Hi Andy, I tried to use threads and it did not worked for me (maybe because of non safe thread modules I am using) so I use fork in a production application and it works good. I have some issues some times with MySQL that I have not fixed yet but they do not happen very often. This is an example of how I use it: sub execute { # These 2 lines below were to eliminate the error that I mentioned before. It did not eliminated them just reduce them my $dbh = database(); $dbh->{InactiveDestroy} = 1; my $pid = fork(); if ($pid) { # This is the parent (Dancer) in case you want to do something here debug “Process started with PID $pid\n”; } elsif ($pid == 0) { # This is the child, here is where I do all I need $template = ... } else { debug “Could not fork: $!\n”; } # I have a variable to know if I’m running this sub from the web or from CLI if ($cli) { my $output = waitpid($pid, 0); print “The process finish with output: $output”; } return $template; } This is just an example, not the entire code.
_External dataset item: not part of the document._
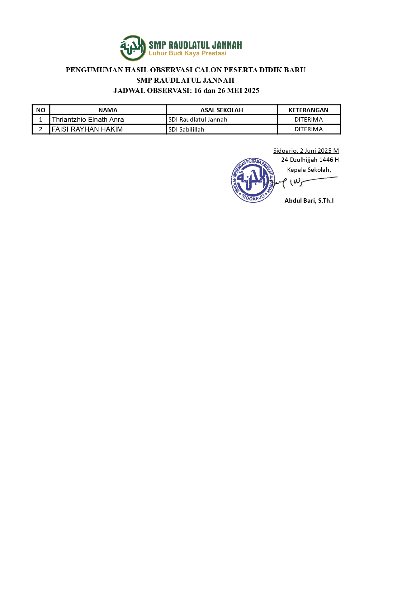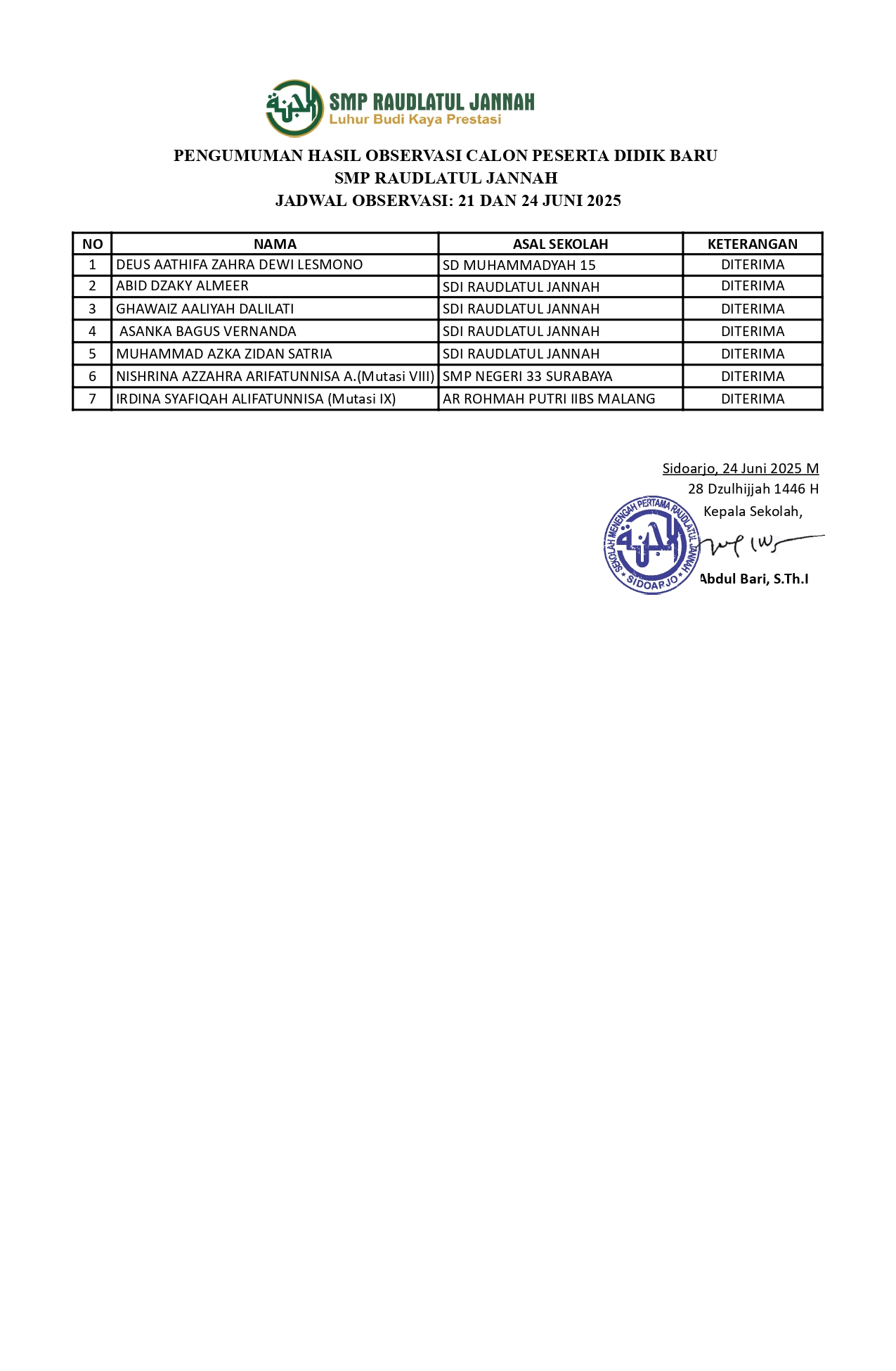 1. Bagi calon siswa yang telah diterima wajib menyelesaikan biaya daftar ulang sampai 07 Juni 2025.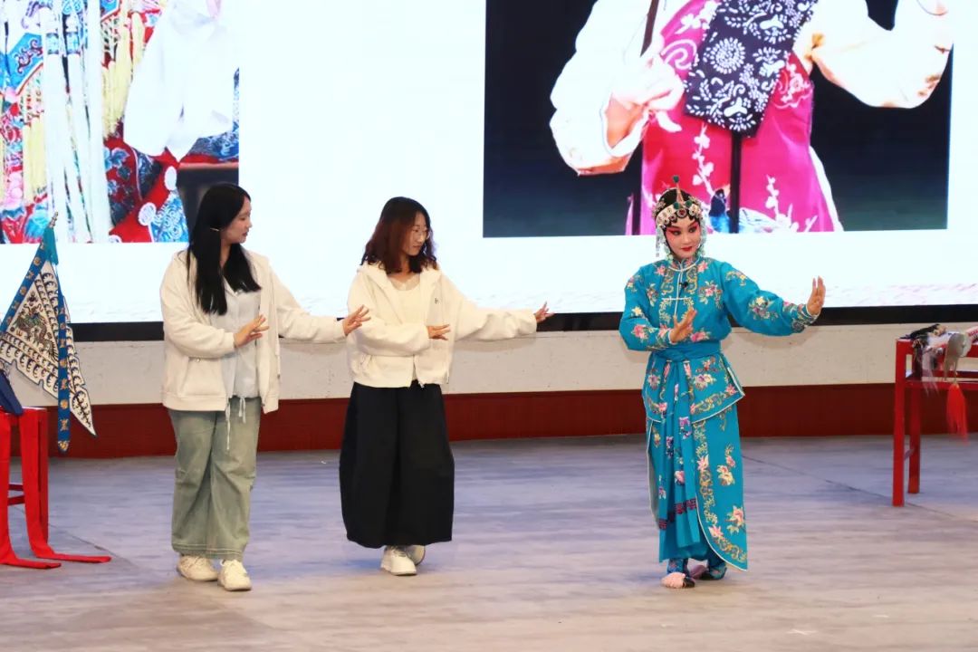 活动分为“京剧文化讲堂”“戏曲互动工坊”“经典剧目欣赏”三大环节。烟台市京剧院的老师们以生动的讲解、形象的演绎和专业的指导带领现场师生追溯京剧历史,了解烟台与京剧的深厚渊源,打破舞台边界,体验“唱、念、做、打”的韵味,感受京剧艺术的魅力。演出团队献上经典武戏《三岔口》,“摸黑对打”的精湛技艺赢得了全场掌声。

If someone has a suggestion or improvement, it is welcome. Thanks, Johandry
On Jul 7, 2015, at 2:58 PM, Andrew Beverley <andy@andybev.com> wrote:
Dear all,
Is there anything that I should be aware of if using fork() in a dancer application?
I have some cache update code which can take a while to run, so I'd rather do it in the background. I've therefore done something like this:
post '/data' => sub { my $template = ...; fork and return $template; update_cache; exit; }
The actual code is in a module, but you get the idea.